Jeannette McHugh (; born 18 December 1934) is a former Australian politician who was the first woman from New South Wales elected to federal parliament. She served in the House of Representatives from 1983 to 1996, representing the Australian Labor Party (ALP), and was Minister for Consumer Affairs in the Keating Government from 1992 to 1996. She was a schoolteacher and political activist prior to entering parliament.

Early life and education
Born in Kandos, New South Wales, McHugh was educated at the University of Sydney, where she resided at the Women's College.

Career

Early career
She worked as a languages teacher and on social justice issues for many years through her involvement in housing, environment, anti-nuclear, peace and women's organisations before gaining ALP pre-selection for the Division of Phillip, a seat she won at the 1983 Australian federal election, making her the first woman from New South Wales to sit in the federal parliament.

Parliamentary career
She was made Minister for Consumer Affairs in 1992, making her the first female federal minister from New South Wales.

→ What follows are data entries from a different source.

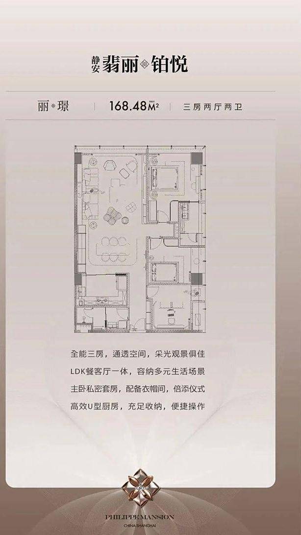 丽璟户型:约168㎡|3房2厅2卫(U型厨房)。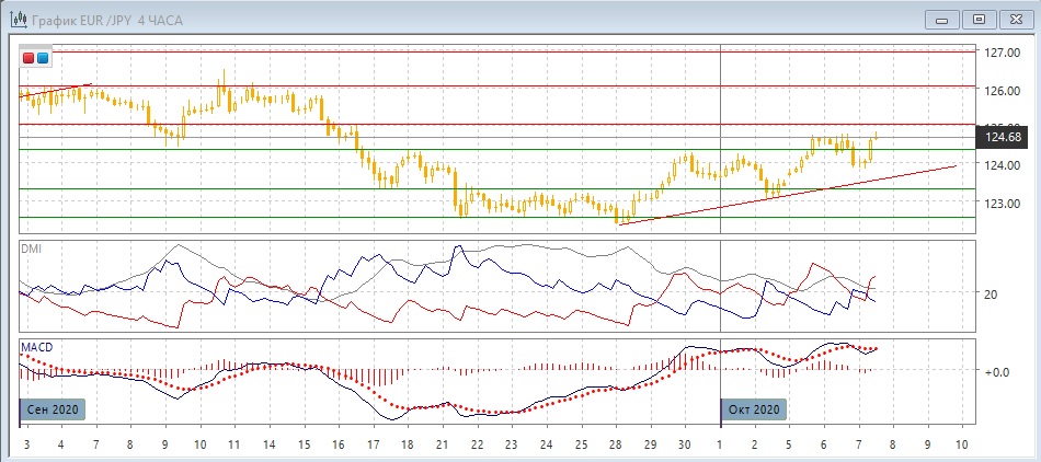 На дневном графике пара достигла нового максимума. Закрытие 5 октября было выше важного уровня 124,35, что открывает пространство для дальнейшего роста. При закрытии в среду выше это предположение укрепится. По индикаторам направленного движения возможен разворот: превышение DM- над DM+ уже минимальное, гистограмма MACD растёт в положительной зоне, линия MACD имеет положительный наклон.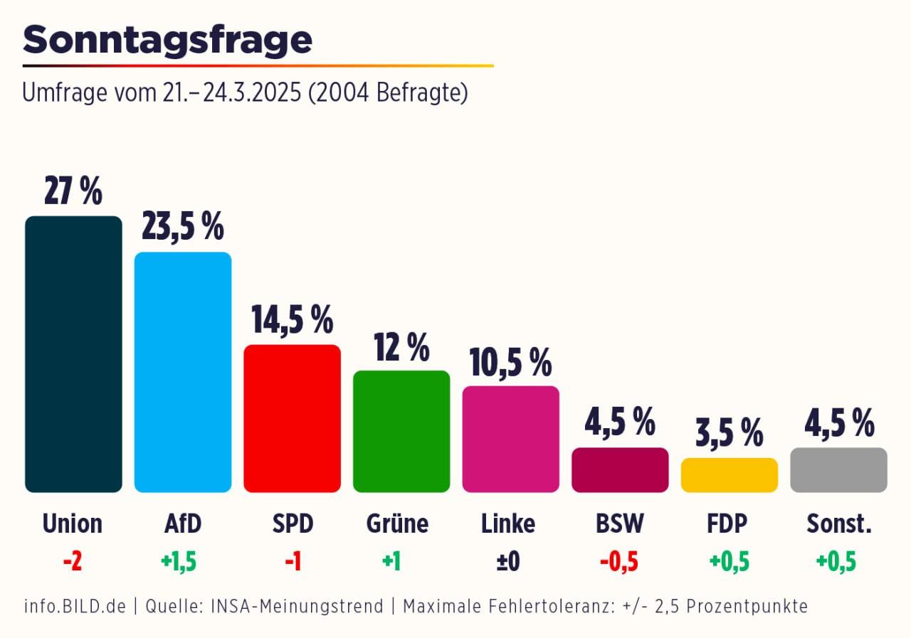 "Это самый высокий показатель для AдГ в опросах INSA. Анализ показывает, что максимальный потенциал АдГ составляет 30,5%", - заявил глава INSA Герман Бинкерт.
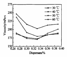 同時可以看出,在堿性條件下(料漿PH=9),30、40℃時分散劑對料漿粘度的影響較大,而50,60℃時分散劑對料漿粘度的影響較小,曲線較為平緩,表明高溫下由于聚合作用的發生,分散劑的作用明顯減小。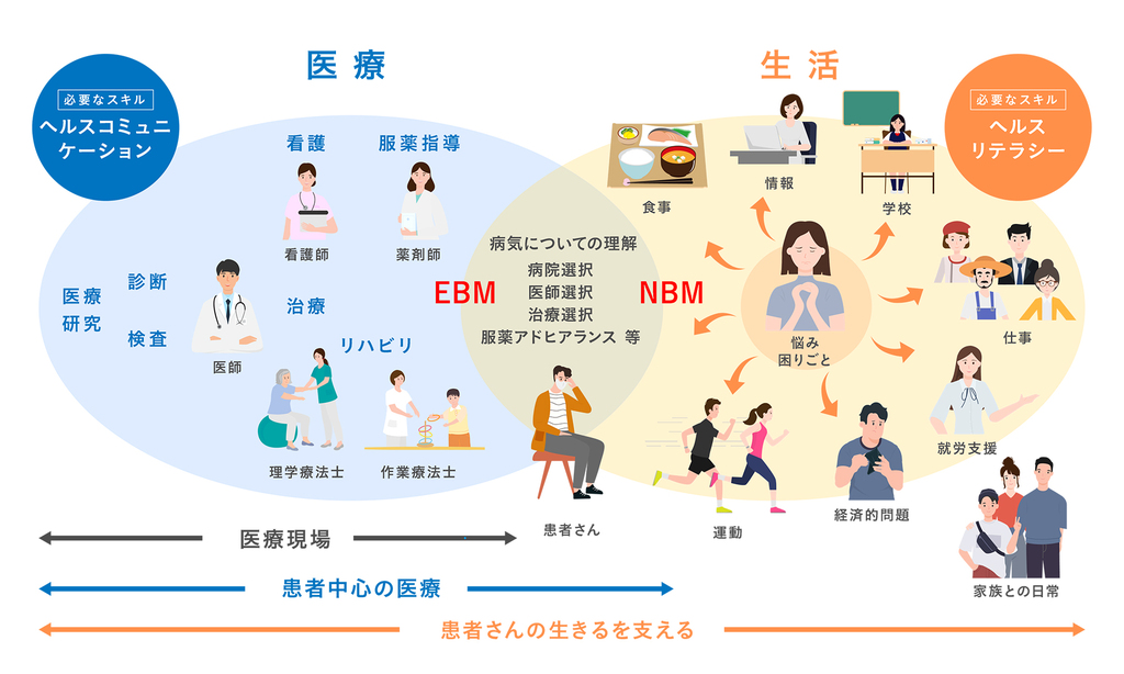 これまでの遅れを取り戻すようにDXが進む一方で、患者さんと医療者とのコミュニケーションや医療の在り方についても変化が見られます。以前は、これまでに行われてきた医学・医療に関する研究成果に基づいたEBM(Evidence-Based Medicine:科学的根拠に基づいた医療)による医療が基本でしたが、最近では、NBM(Narrative-Based Medicine:物語に基づいた医療)も重要と考えられるようになりました。英国の開業医が提唱したNBMは、「患者がなぜ・どのようにして病気になったのか」「病気について今どのように考えているか」などを理解し、患者の抱えている問題に対して、身体的なことだけではなく、精神的・心理的・社会的な視点からもアプローチしていく医療です。

When the Division of Phillip was abolished after an electoral redistribution, it was arranged for McHugh to move to the Division of Grayndler, as she was entitled to a seat as a minister. The sitting member Leo McLeay agreed to move to the new neighbouring electorate of Watson.

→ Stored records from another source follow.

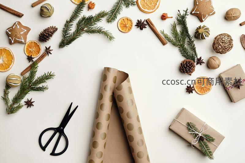 白色平面上散落着松枝、干橙片、肉桂棒、松果和姜饼人等圣诞元素,搭配卷起的波点包装纸和黑色剪刀,展现温馨的手工包装过程。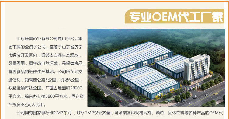 山东康美药业有限公司是一家集研发生产为一体的生产加工企业,拥有十几年的oem贴牌代加工经验,本公司能做剂型有:片剂、粉剂、颗粒剂、口服液、易拉罐饮料、消杀、袋泡茶、贴剂、膏剂等剂型,另有上百种自主**产品可供选择代理,详情请咨询客服或者电话联系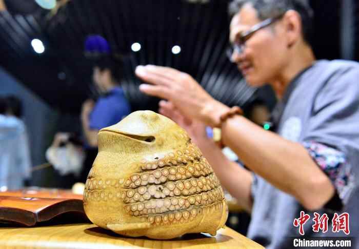 6月25日,“武夷竹刻”手工艺人向参观者展示的竹刻艺术品《竹青蛙》栩栩如生。福建武夷山素有“林海竹乡”之称,竹资源丰富,当地手工艺人创作的竹刻艺术品深受人们喜爱。中新社记者 张斌 摄
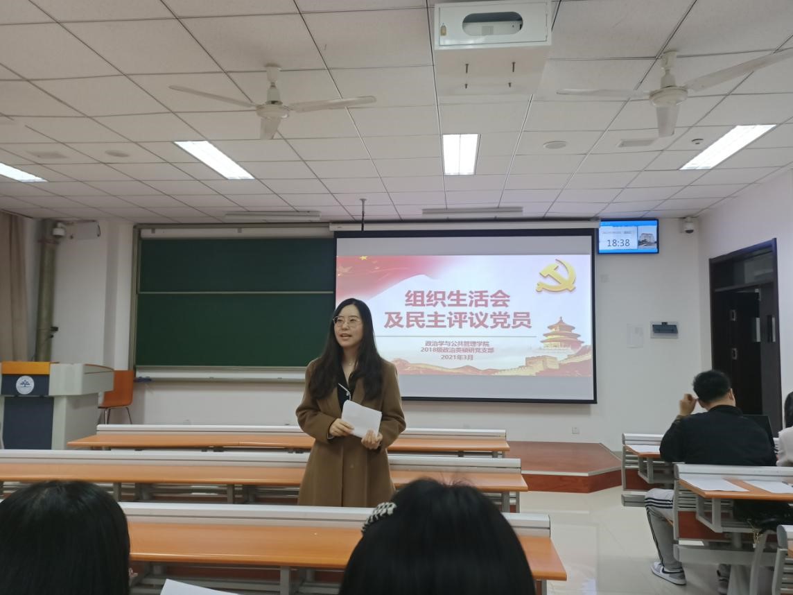 2018级政治类硕研党支部于3月12日晚在振声苑S206召开了2020年度组织生活会暨民主评议党员大会。会议由党支部书记孙艺鹏主持,2018级政治类硕研党支部全体党员参加,学院党委委员、辅导员李汉烨老师列席会议。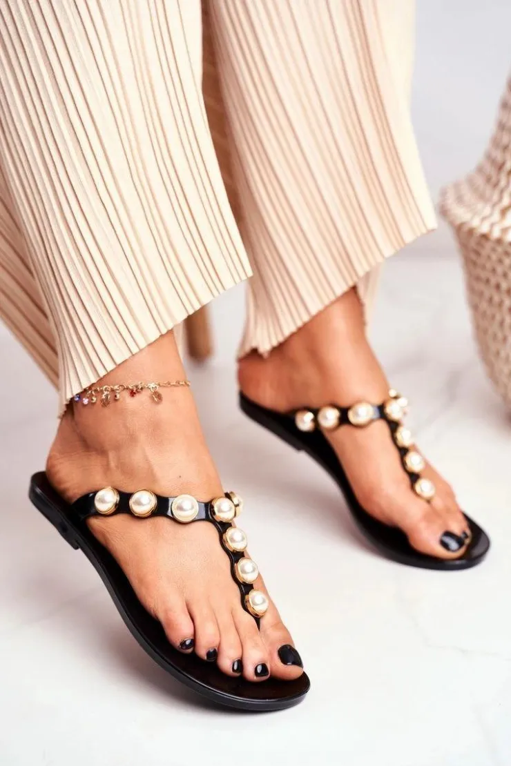 Hot Boto Damskie Gumowe Klapki Czarne Japonki Perełki Edith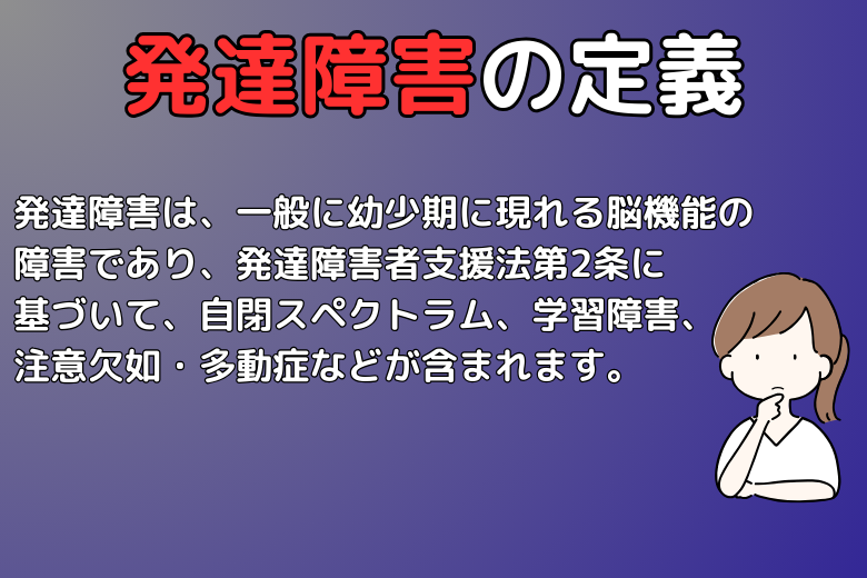 発達障害は、一般に幼少期に現れる脳機能の障害であり、発達障害者支援法第2条に基づいて、自閉スペクトラム、学習障害、注意欠如・多動症などが含まれます。ICD-10ではこれらの障害が「F80」から「F98」に分類され、DSM-5では知的能力障害やコミュニケーション障害、運動障害、チック障害などが該当します。発達障害を持つ人々は、生まれつきの特性が原因で日常生活や社会生活において制約を受けることがあります。発達障害は病気とは異なり、発達の過程における質的・量的な違いや偏りによって生じるもので、行動やコミュニケーションに影響を与えることがありますが、根本的な治療法はまだ存在しません。しかし、適切な支援を受けることで、社会生活上の困難を軽減することは可能です。発達障害は脳の機能障害が原因であり、知的には正常であっても、学校や家庭での適応に困難を抱えることがあります。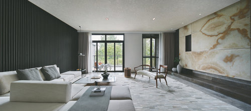 平穩式布局體現出客廳的氣勢,陽光穿透落地窗,隨意簡約,盡顯波光靈動之美。少許原木色點綴其中,簡約中富含無窮韻味,營造出低調、靜雅的氛圍。大面積百葉元素呈現一種秩序美,同時又連貫餐廳、庭院、臥室。沙發靈活多變,可滿足多元化的使用需求。入座沙發,大理石背景墻映入眼簾,其華美天然的紋理宛如一幅水墨畫。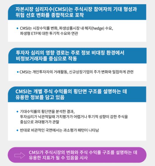 자본연이 CMSI를 활용해 국내 증시를 시계열적으로 분석한 결과 투자자 심리의 변동이 단기적으로 시장 수익률에 대한 예측력을 갖는다는 점이 실증됐다. 예를 들어 CMSI가 높을수록 신규 상장 기업의 평균 초과수익률이 증가했다. 또 해외 주식시장 심리지수, 국내 주식시장 수익률, 주식 파생상품시장에서 나타나는 투자자 공포와 헤지 수요, 파생형 상장지수펀드(ETF) 등에 대한 투기적 수요와도 유의미하게 연동돼 위험 선호 변화를 종합적으로 포착할 수 있었다.

McHugh announced her retirement from parliament, to be effective at the time of the 1996 Australian federal election, at which the ALP lost government. Anthony Albanese won pre-selection for Grayndler, and retained the seat for Labor at the election. McHugh was a member of Labor's Left faction.

Post-parliamentary career
McHugh is Chair of the Jessie Street Trust, and was Secretary of the Evatt Foundation until November 2006.

Personal life
Jeannette McHugh is married to former High Court of Australia justice Michael McHugh.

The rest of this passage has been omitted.